1. New Law, Enacted June 5, 2020, Creates Easier PPP Loan Forgiveness

On Thursday, May 28, 2020, the U.S. House of Representatives approved the Paycheck Protection Program Flexibility Act of 2020 by a vote of 417-1. On Wednesday, June 3, 2020, the Senate passed the bill by a unanimous voice vote. The president signed the bill into law on Friday, June 5, 2020.

Here are some highlights from this new law:

  • For a business that currently has a PPP loan—allows the business to extend the eight weeks to 24 weeks or elect to retain the original eight weeks
  • For those under the 24-week rule—requires that 60 percent of the loan proceeds be spent on payroll
  • For new loans, changes the payback period for the (unforgiven) loan from two years to five years, and retains the 1 percent interest rate; for existing loans, authorizes the bank and borrower to agree to a five-year payback
  • For those businesses under the 24-week rule—changes the workforce-in-place requirement from June 30 to December 31
  • For businesses under the 24-week rule—creates a new, easier path to full loan forgiveness should the business be unable to sustain a full workforce
  • The remaining insights into the eight-week rules give you (as a Schedule C taxpayer) the runway that applies to both the eight-week and 24-week rules.

 

 2. Do I Have to Spend the PPP Loan Proceeds?

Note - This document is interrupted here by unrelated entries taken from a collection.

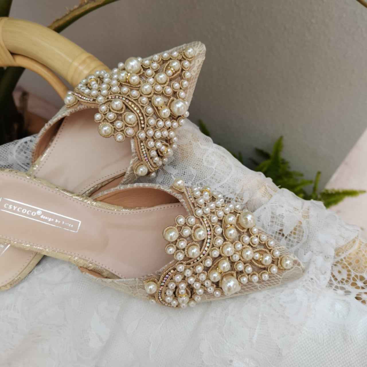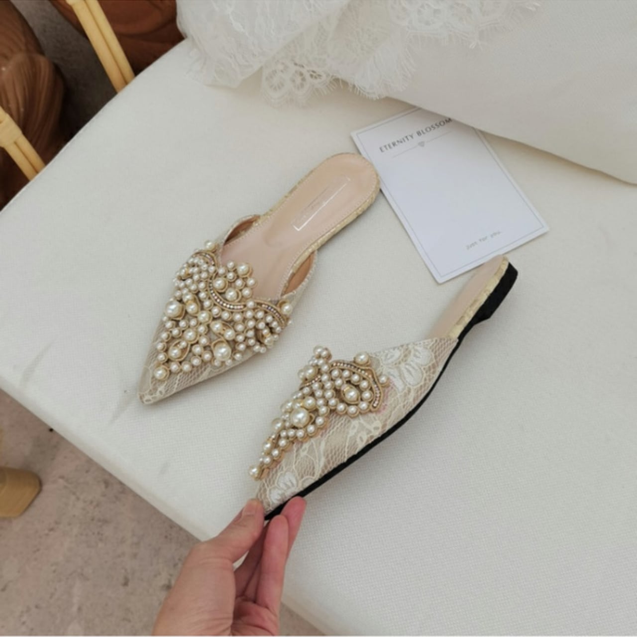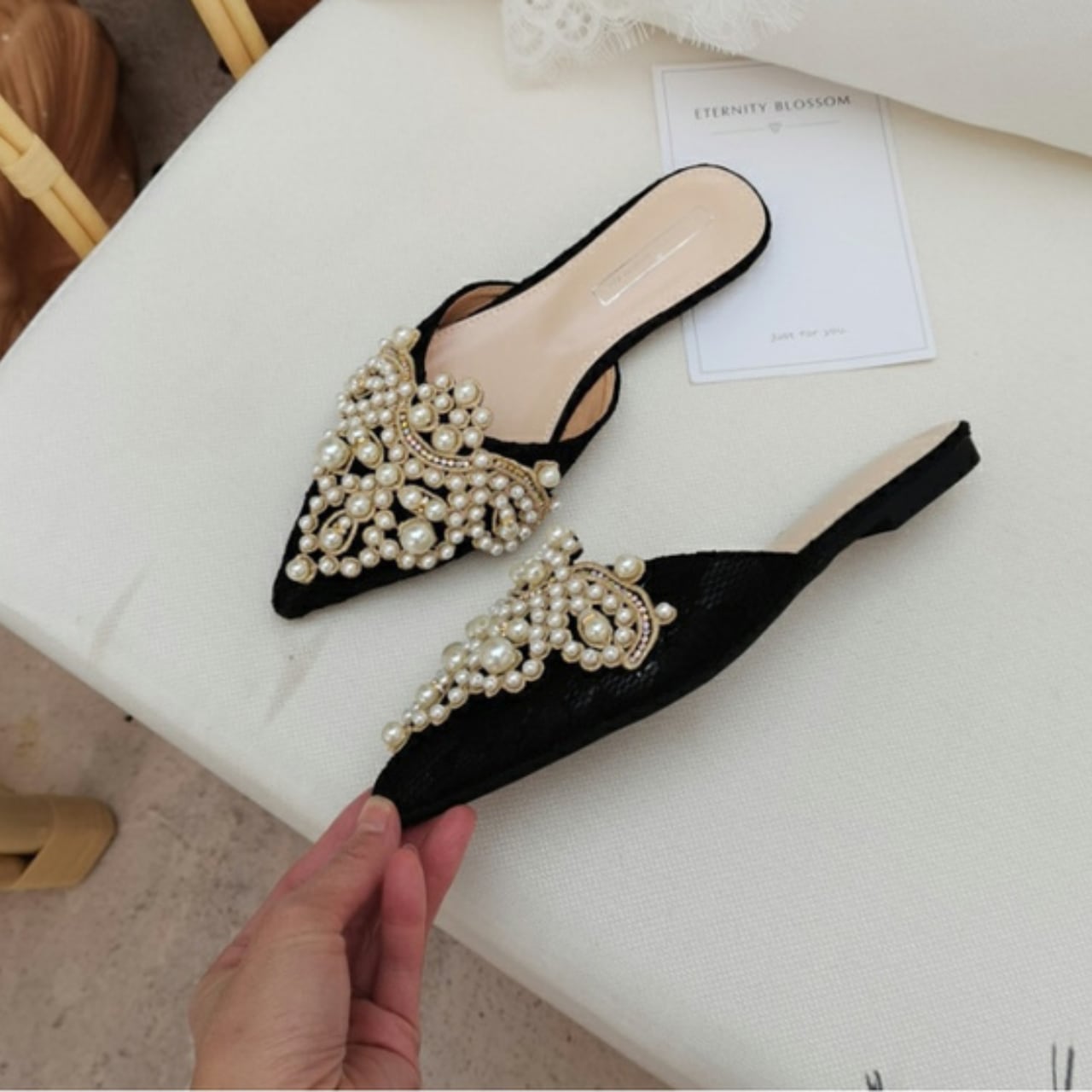 華やかなパールビジューが魅力のフラットシューズ
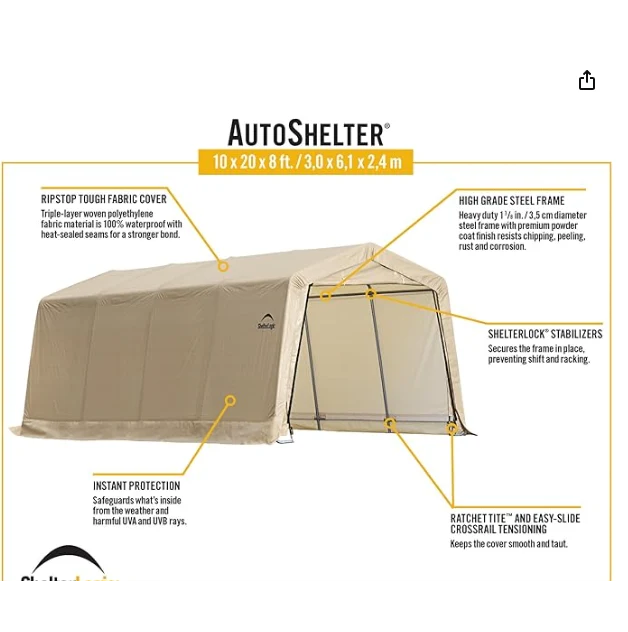 Ĉia-vetero-aŭta ŝirmejo Canopy.Locks malsupren kaj kvadratas kadrojn por komenca kaj kontinua kadro al ŝtofo.
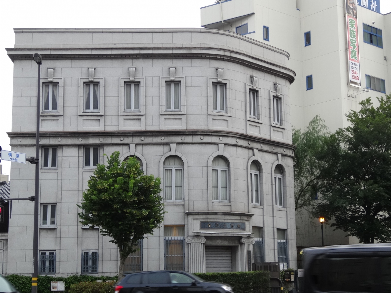 茶屋街に向かう途中の交差点の角にあるレトロで大変目立つ建物です。
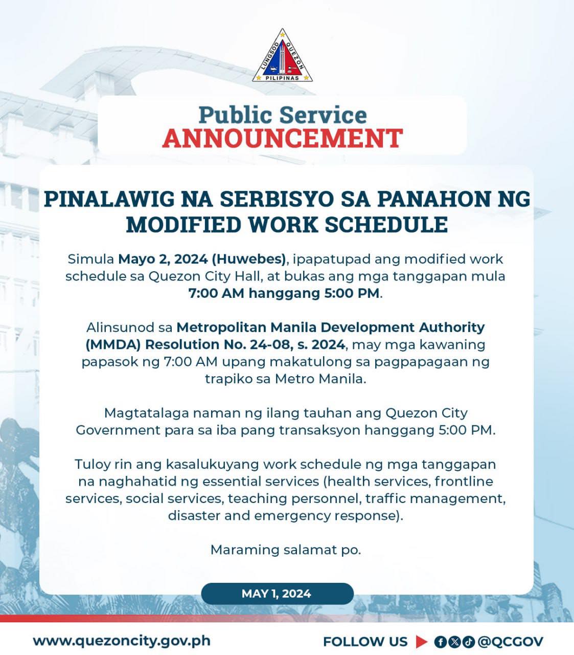 [Public Service Announcement] Simula Mayo 2, 2024 (Huwebes), ipapatupad ang modified work schedule sa Quezon City Hall, at bukas ang...
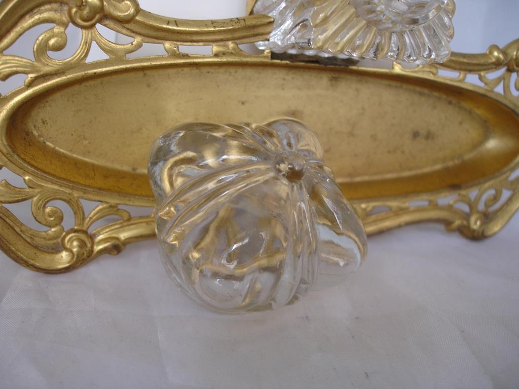 Tintero mesa. Cristal tallado. Bandeja metal dorado. Años 50
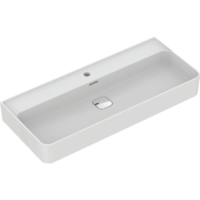 Strada II lavabo T300201 je pravougaoni lavabo velikog formata. Karakteriše ga bjela boja i vrhunski porcelan. Dolazi bez stuba, što vam daje mogucnost da ga prilagodite sopstvenim potrebama ili viziji svog kupatila. Kao konzolni lavabo, može biti montiran na zid.
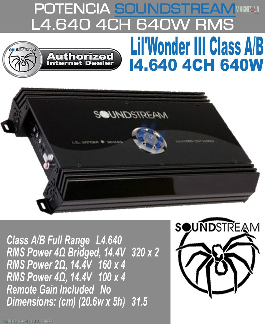 Продам усилитель 4-х канальный Soundstream L4.640 в отличном состоянии как внешне на 5 так и технически на 5, не ремонтировался.
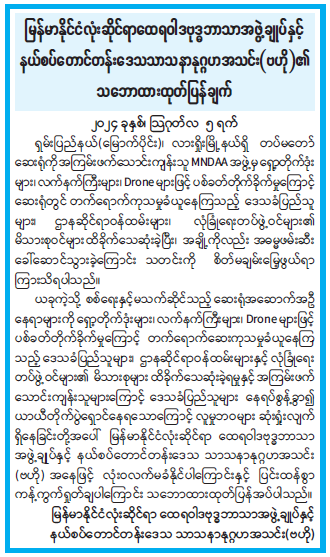 မြန်မာနိုင်ငံလုံးဆိုင်ရာထေရဝါဒဗုဒ္ဓဘာသာအဖွဲ့ချုပ်နှင့် နယ်စပ်တောင်တန်းဒေသသာသနာနုဂ္ဂဟအသင်း (ဗဟို) ၏ သဘောထားထုတ်ပြန်ချက် 08/06/2024
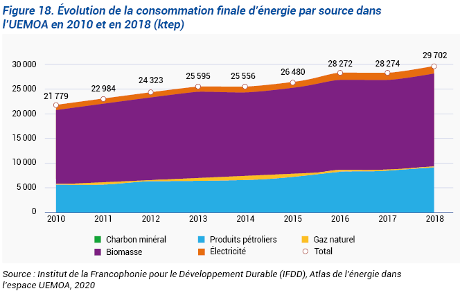 La consommation finale d’énergie de l’espace UEMOA a augmenté de près de 8.000 ktep de 2010 à 2018. Elle est passée de 21.779 ktep (2010) à 29.702 ktep (2018), équivalant à un accroissement moyen annuel de 4,0%. Cependant, l’accès à l’électricité est encore faible et inégalement réparti dans les États membres de l’UEMOA. Seuls la Côte d’Ivoire et le Sénégal ont des parts de ménages électrifiés supérieures à 60%. Le Niger et le Burkina Faso en 2021 sont les pays où l’accès à l’électricité est le plus faible (taux d’accès inférieur à 20%) due notamment à la situation des fournisseurs extérieurs d’électricité, aux crises politiques et sécuritaires que vivent ces pays.
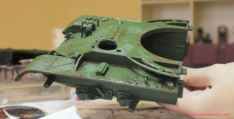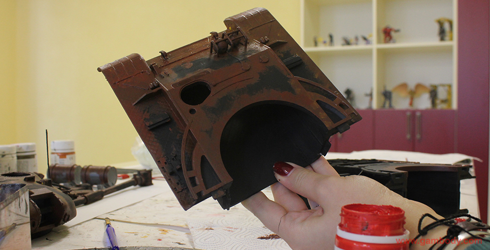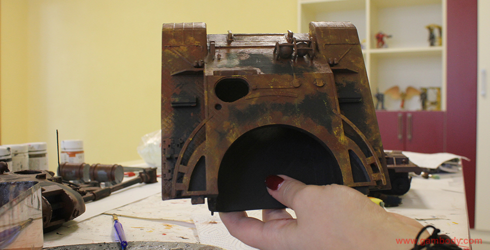 First, the model was primed and covered in brownish-rusty paint. The painter used different shades of yellow, red, and brown to recreate that rusty color.
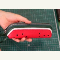 Выкройка пенал из кожи на молнии с рисунком в виде арбуза
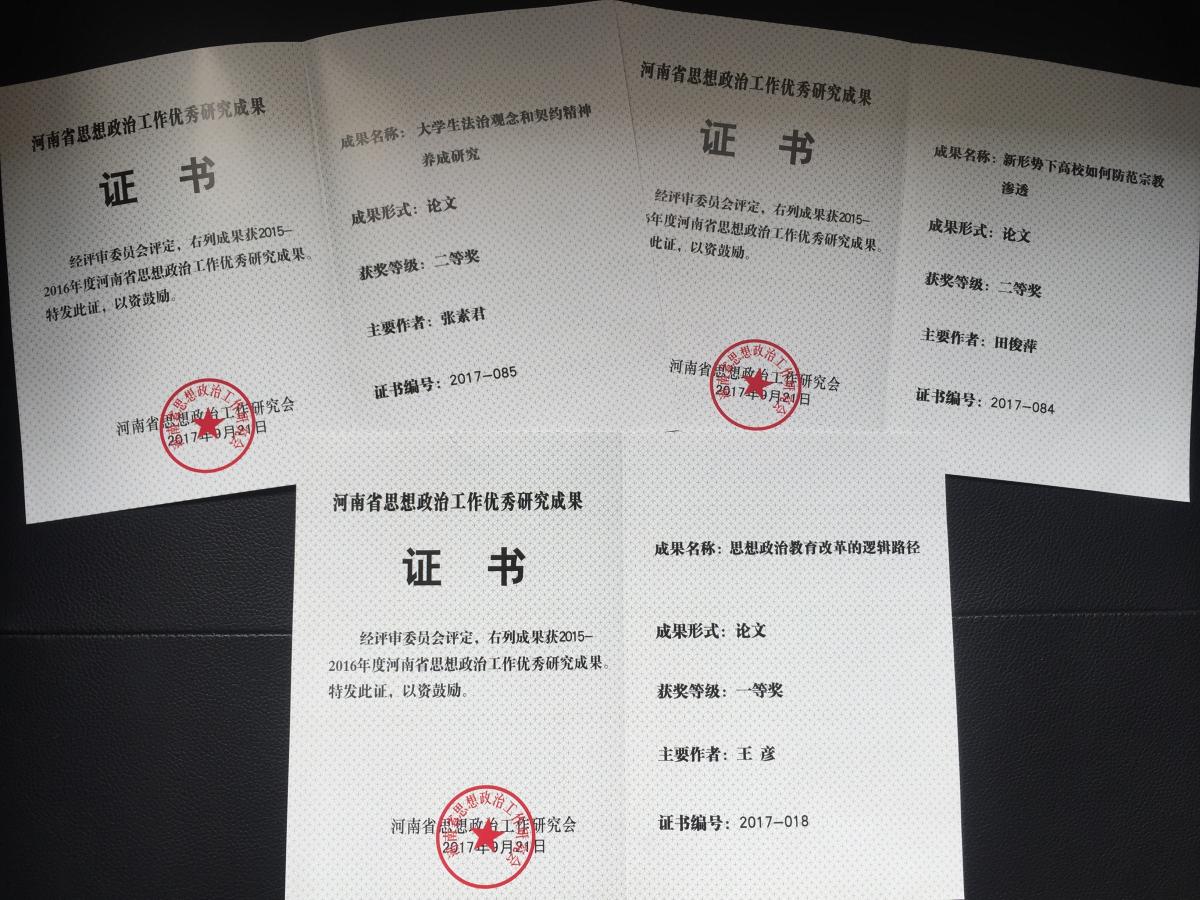 近日,河南省2015—2016年度思想政治工作优秀研究成果评选结果揭晓,bet36体育在线荣获省级一等奖1项,省级二等奖2项。
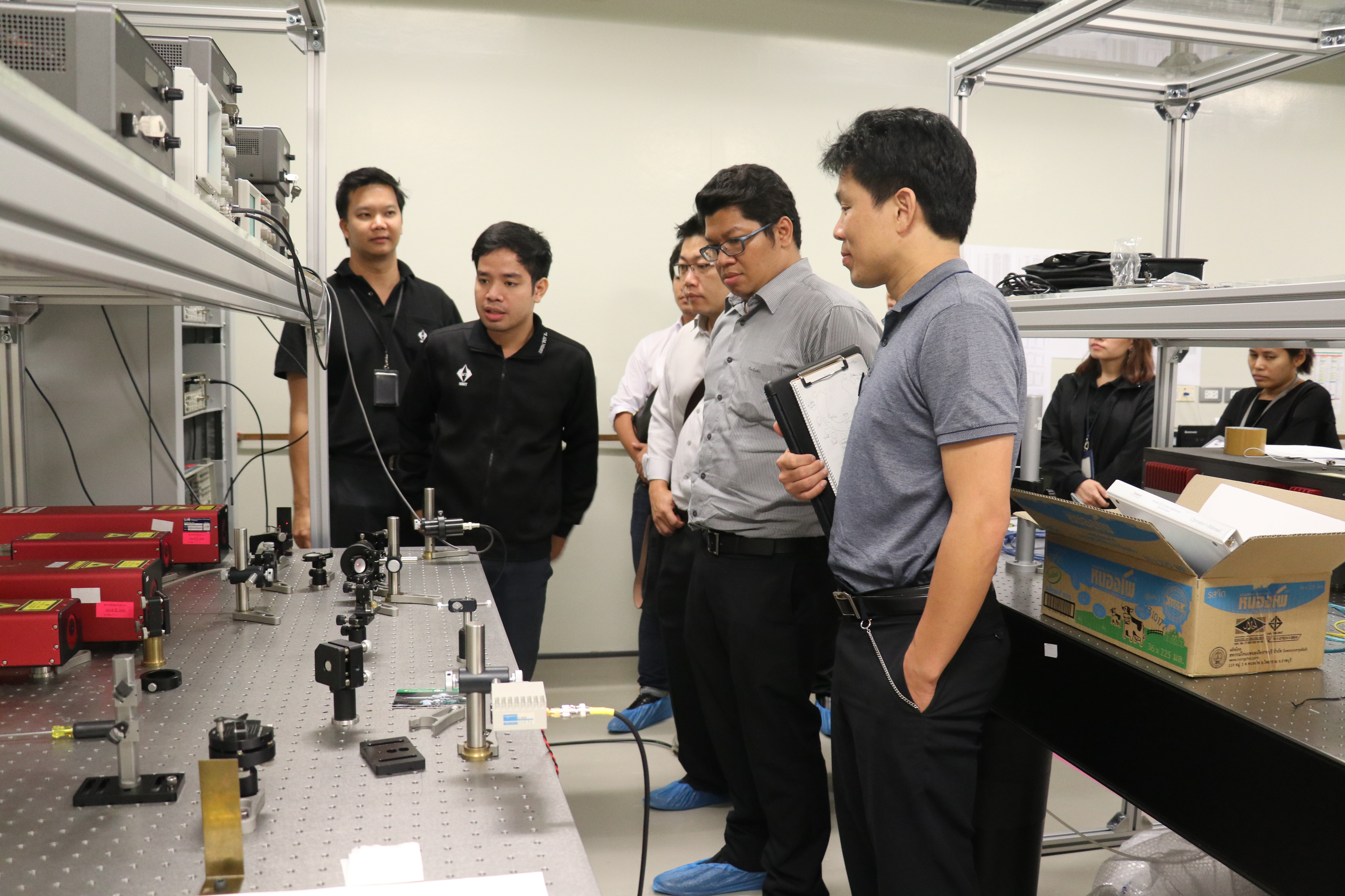 นายอนุสรณ์ ทนหมื่นไวย ผู้ช่วยผู้อำนวยการ มว. พร้อมนักมาตรวิทยา ฝ่ายมาตรวิทยามิติ ให้การต้อนรับคณะอาจารย์และนิสิต จากมหาวิทยาลัยเทคโนโลยีพระจอมเกล้าพระนครเหนือ และ Kyushu Institute of Technology ในโอกาสเข้าเยี่ยมชมห้องปฏิบัติการมาตรวิทยาสาขามิติ โดยมีวัตถุประสงค์เพื่อเป็นประโยชน์ในการศึกษา พัฒนา และปฏิบัติงานวิจัยในด้านมาตรวิทยาสาขามิติต่อไปในอนาคต ณ อาคารผดุงมาตร มว. จ.ปทุมธานี
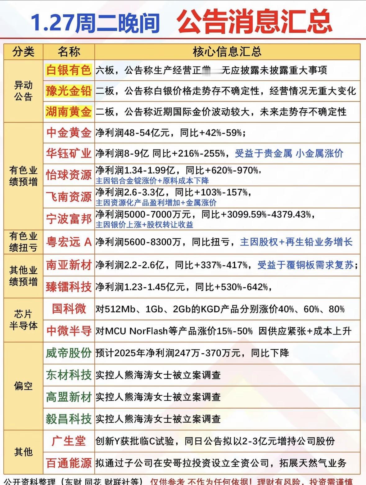 📢 1.27周二晚间公告汇总,行业动态一览无余! 贵金属企业业绩大增,芯片涨价潮来袭,多家公司实控人被查,投资需谨慎。 贵金属与有色板块业绩亮眼,芯片半导体涨价,多家公司净利大增,投资需谨慎。
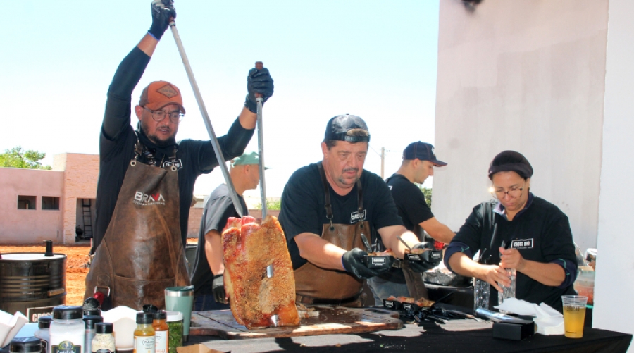 Na tarde de sábado a imobiliária promoveu um grande churrasco festivo para convidados e compradores. Eles puderam conhecer de perto as obras avançadas de infraestrutura.
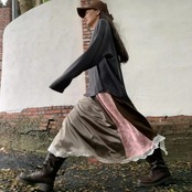 ★異素材切替で魅せる、華やかさと深みを両立したロングスカート

Yes, it appears so. The instructions for line 9 of Schedule A for the U.S. Small Business Administration’s (SBA) Form 3508 PPP loan forgiveness application state:

Line 9: Enter any amounts paid to owners (owner-employees, a self-employed individual, or general partners). This amount is capped at $15,385 (the eight-week equivalent of $100,000 per year) for each individual or the eight-week equivalent of their applicable compensation in 2019, whichever is lower.

Note the word “paid.”

Example. Sam shows 2019 Schedule C net profits of $100,000 and obtains a PPP loan of $20,833. By the SBA interim final rule, his payroll forgiveness amount is $15,385 based solely on his 2019 Schedule C.

Sam maintains both business and personal bank accounts. Sam deposits the $20,833 into his business account. During Sam’s eight-week covered period, he takes $15,385 out of his business account and puts it in his personal account. Presto, he has satisfied the “paid” requirement that you see on line 9 of the loan forgiveness application.

We don’t know that Sam had to satisfy the “paid” requirement of line 9, but we do know that Sam can sleep better now.

 

3. Should I Put the Loan Proceeds in a Separate Bank Account?

With a separate bank account from which you use the PPP loan proceeds, you can create an almost perfect paper trail as to the use of the proceeds.  From a practical standpoint, however, you should be able to use your existing accounting methods to prove the use of the PPP loan proceeds.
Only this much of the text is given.